For decades I loved visiting stores that offered unfinished wood furniture because I loved the smell, I even love woodsmoke, but I'd never put in into such a sensual context before. Most of the kinky people I know adore the smell of either leather or hemp rope, but my "stop and sniff and purr" kink seems to be for unfinished wood items.

How do you find out? You explore your history, your fantasies, media, and your local kink scene. Pay attention just in general. Keep your boundaries, certainly, but be flexible when you can and be aware that boundaries and preferences can fluctuate over time.
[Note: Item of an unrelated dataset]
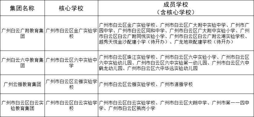 4个名校教育集团:广州白云广附教育集团、广州白云六中教育集团、广州云雅教育集团、广州市白云区白云实验教育集团。该类教育集团以优质名校为核心校,成员校以初中、小学为主,纳入部分幼儿园。加强与省市名校教育合作对接,发挥优质教育资源的辐射带动作用,带动“潜力”学校共同发展。
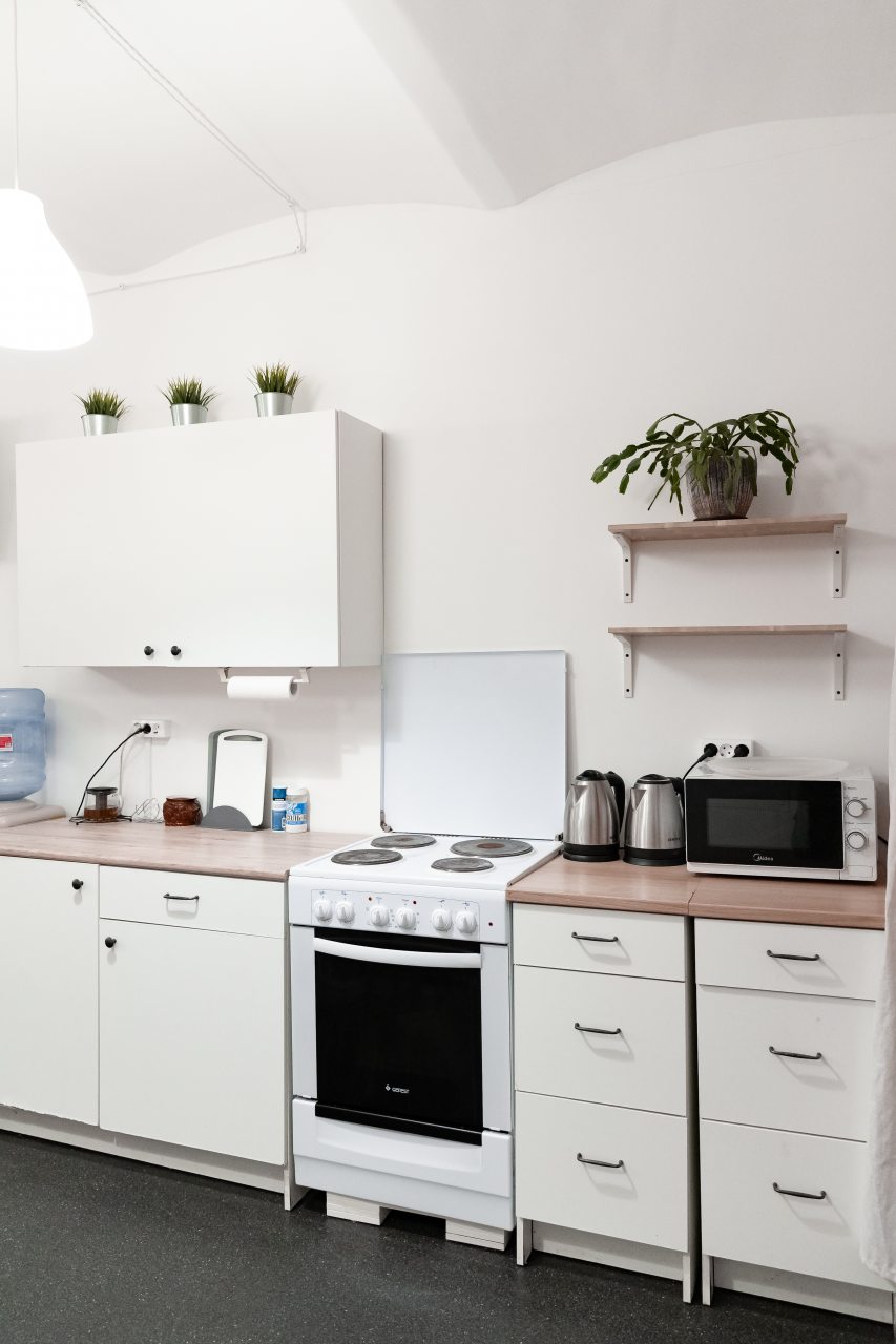 Общая кухня обеспечена посудой и приборами, чтобы приготовить вкусные блюда. Напротив здания есть супермаркеты и кафе быстрого питания.

You may not hear of / explore absolutely everything, but I will say that pretty much anything can be a kink - depending on the person and the circumstance. Maybe not my kink, maybe not yours - but someone's.

As I was advised by a departed sex-positive elder of our community, Allena Gabosh, "Never say 'Now I've seen everything.' You haven't. None of us have, and none of us ever will."
PERITUS ARCUS​(dom male)
3 years ago • Mar 25, 2021
PERITUS ARCUS​(dom male) • Mar 25, 2021
The issue is that sonething that stimulates you mentally may, in reality, turn out to be a total loss.

Other things that you would not imagine would float your boat turn out to be tremendous.

It is sometimes easier to be definite about what is a complete and utter no. For me, Scat is somewhere I will never go. Ditto adult baby stuff.
It just will never happen.

Anything else, consider giving it a try unless it triggers revulsion to you.

I am continually amazed at what I actually like in real life.

If you try, you will identify.

If you repel... thats a big tell.

Corny but not a bad methid of approach.

The other thing I do is with a partner or potential, i do a list of known likes and known willing to try.

Bare in mind that you will never totally completely match on everything so agree to respect the doslikes of one and try the areas where overlap makes sense.

You will start to find your feet and understand yourself as well as partners.

Finally start slow and dip the toe into the water and progress to the point you fond your limits.